Cependant la ressemblance avec des denrées périssables engendre l’idée de décrépitude, de décomposition, comme l’annonce d’un désastre à venir. Cette bombe atomique calorique ouvre une réflexion sur la culture de l’obésité et sur ses corolaires, le pourrissement, l’affaissement. On pourrait dire que ces festins démesurés, ces viandes, s’apparente au potlatch. Ce rite amérindien se résume à faire un présent si énorme qu’il est à jamais impossible de le rendre, mettant ainsi son interlocuteur dans une situation d’obligé, de soumission éternelle. Ici tout est pipé, vous repartirez les yeux pleins mais les mains vides.

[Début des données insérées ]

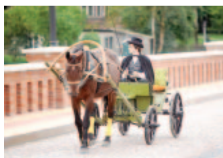
GADA NOTIKUMU APSKATS – 4. UN 5.LPP.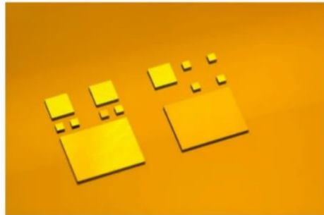
成功键合的3D片上系统 (SoC) 示例。

2022年7月27日, 奥地利弗洛里安——微机电系统 (MEMS)、纳米技术和半导体市场晶圆键合和光刻设备的领先供应商EV集团 (EVG) 今天宣布, 公司在芯片到晶圆 (D2W) 熔融与混合键合领域取得重大突破。EV集团在单次转移过程中使用GEMINI®FB自动混合键合系统, 在完整3D片上系统 (SoC) 中对不同尺寸芯片实施无空洞键合, 良率达到100%。直至今日, 此类键合仍是D2W键合领域面临的关键挑战, 也是降低异构集成成本的主要障碍。EV集团的异构集成技术中心 (HICC™) 取得了这一重大技术突破。该中心致力于帮助客户充分利用EV集团的工艺解决方案和专业知识, 通过系统集成和封装技术的进步, 加速开发创新产品和应用程序。

Au creux de ce magma alimentaire, de petites architectures modernistes, en équilibre sur ce qui doit disparaître, renvoient à l’instabilité, à l’impermanence, à la fragilité de toute construction, qu’elle soit réelle ou mentale. À la folie de croire que l’on peut construire des temples sur du sable. Sauf ici. Le temps long et le temps court se croisent dans de faux-semblant troublants. Habituellement, vous quittez la table une fois les plats engloutis, nettoyés ; ces Festins continueront de scintiller alors que vous ne serez plus que poussière.

Extrait d’un texte de Sébastien Gokalp pour le catalogue « Festins », 2014.